According to data from satellites, the severe earthquakes may also have long-term geological consequences. “There appears to have been significant subsidence in the coastal town of Iskenderun, causing flooding, while the quake has put many hills across the country at serious risk of landslides,” the European Space Agency said. The broadcaster NTV reported last week that buildings in the Turkish coastal city had to be evacuated because of flooded streets.

In the early morning of February 6, the first 7.7-magnitude tremor shook the Turkish-Syrian border region, followed hours later by a second 7.6-magnitude tremor. Since then there have been more than 2,400 aftershocks. Ten provinces are affected in Turkey, where a three-month state of emergency has now been in force. More than a hundred thousand volunteers traveled to the earthquake region to help. Some of them have since returned home, including several German search and rescue teams.

Around 50 experts from the Federal Agency for Technical Relief (THW) returned to Germany on Monday evening. The members of the so-called rapid deployment unit salvage abroad (Seeba) managed to free two women from the rubble in Turkey together with other rescue workers.

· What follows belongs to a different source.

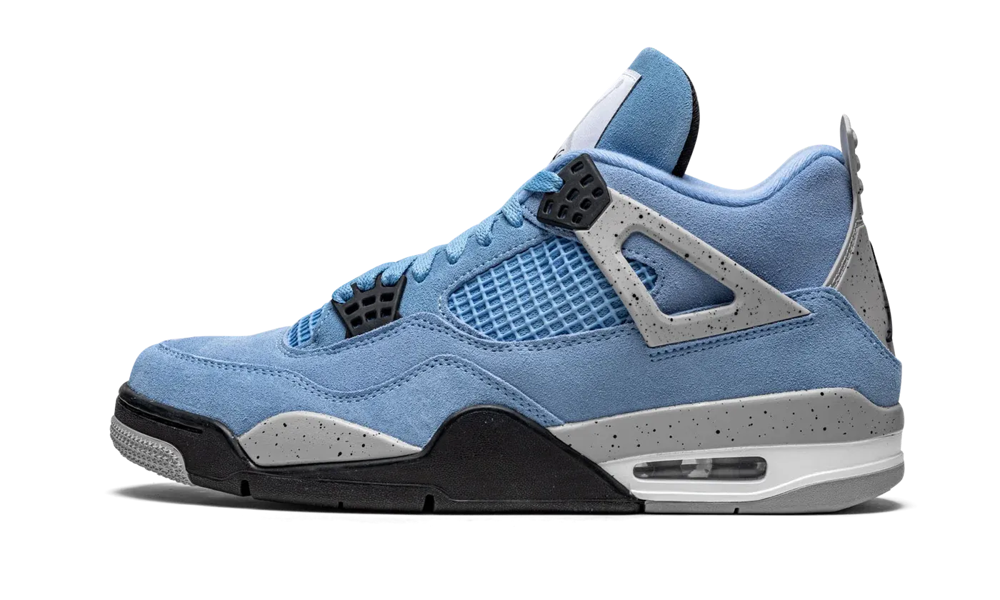 The Air Jordan 4 "UNC" is an April 2021 colorway of Michael Jordan's fourth signature shoe that honors Michael's alma mater, the University of North Carolina. The first-ever Jordan 4 in a "UNC" makeup, this collegiate design follows previous Air Jordans to employ the popular theme—the Air Jordan 3 "UNC" and the Women's Air Jordan 1 Mid "UNC" from 2020. Jordan Brand adds several athletic inspired touches to the look, including adding a "removable" name tag to the nylon Jumpman branding on the suede tongue in reference to the product tag on the bottom of basketball jerseys. The upper is constructed from supple University Blue suede, save for the tongue and mid-panel which feature tonal mesh detailing. Black plastic lace holders appear on the throat and collar and the plastic "Wings" tabs are given a decidedly "Cement" inspired look. The classic "Cement" detailing also appears on the back of the shoe with black Jumpman branding and on the mudguard. A small visible Air unit in the heel completes the look. Release date: April 28, 2021.

According to THW information, the emergency services from Isar Germany also returned to Germany on the same flight. The team had been looking for survivors of the disaster in Turkey together with the rescue dog organization BRH. According to their own statements, the two aid organizations managed to rescue four people alive from the rubble in the past few days. Among them was a 40-year-old woman who was rescued after more than a hundred hours. However, she later succumbed to her injuries.